Did the Ivanisevic comparison prove unhelpful? “Yeah, it didn’t work for me. I think a lot of coaches – I’m not saying Wayne, but a lot of people – they see players, and they think, ‘Oh, that technique’s wrong.’ Then you look on the TV and you’ve got players like [Daniil] Medvedev, and you’ve got my forehand, or you’ve got all these funky techniques, but that’s them, that’s the way they play, that’s their style. So I think, yeah, good lesson for me that I just stick with my own style and my own technique and just learn to be more consistent and make it better.”

While Draper ceased collaborating with Ferreira after the grass-court season, the very process of investigating his own game – and dialling up the aggression a notch – still proved beneficial in the long run. A sharp self-analyst, he was able to apply the best elements of the collaboration without getting lost in the details.

“Wayne wanted me to try and be braver, play first-strike tennis sort of thing. And I suppose I needed that, but at the same time, I needed to understand that that’s not the player I am as well. I’m not a John Isner [the 6ft 10in American who probably had the best serve in tennis history]. One of my main attributes as a player is my ability to move well for my size, to get that one more ball back on court, because that’s how I won matches when I was younger, when I was small.

“I had to see for myself that it wasn’t going to be something that was radical and a big change. It was just maybe five or 10 per cent, coming up the court a bit more, or stepping in on a few more returns, or serve-and-volleying a few more times, and just trying to create more of a presence around my game and not be so one-paced. I had to change, but I didn’t have to change a massive amount. I just had to sort of understand when to push and when not.”

The fact that Draper’s stellar 2024 coincided with Andy Murray’s final season has led to plenty of “baton-passing” comments, not least in this newspaper, since Murray stepped down in June. British tennis is certainly fortunate to have an heir apparent on hand, just as it was when Murray started flirting with the world’s top ten a matter of months before Tim Henman’s retirement. When you consider the relative slightness of this country’s tennis culture – at least when compared with giants like Spain, Italy or the USA – we should be grateful to have had at least one man (and it is usually only one) contending for big titles since the mid-1990s.

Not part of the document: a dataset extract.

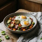 A hearty hash with crispy bacon and a perfectly runny egg. Perfect for a satisfying breakfast or a quick weeknight dinner.
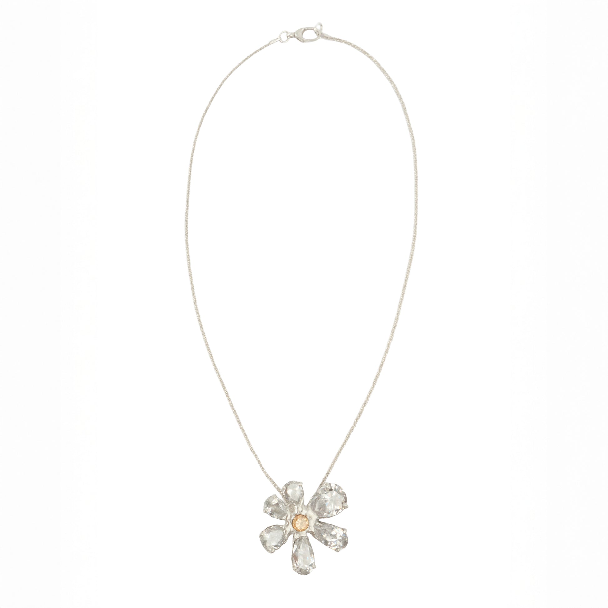 Sterling silver chain featuring a flower-shaped object made of pear shaped white zirconias and a champagne zirconia in the center. From the SS25 collection.

When asked about the inevitable comparisons with Murray, Draper sounded flattered, but said he tries not to think about it. In general, he is keen to stay in his own lane, despite taking inspiration from his idol’s extraordinary work ethic.

“I think what works for me is to come in every day and try and understand what I need to do better in order to hopefully compete at the biggest tournaments, in the later rounds, and with these top players – mentally, emotionally, physically, everything.

“I’m a big character. I think my personality is ready to do that. I’m not going to go into my shell. But I’m not sitting every day in my living room thinking ‘I’m going to be the No1 Brit, what’s that going to mean?’

“I’m focused on how I’m going to be better. And if that’s in Australia, if that’s midway through the year, if that’s at Wimbledon, then whatever. But the main thing is I’m improving all the time. And, yeah, I hope that I can be one of the top players in the world.”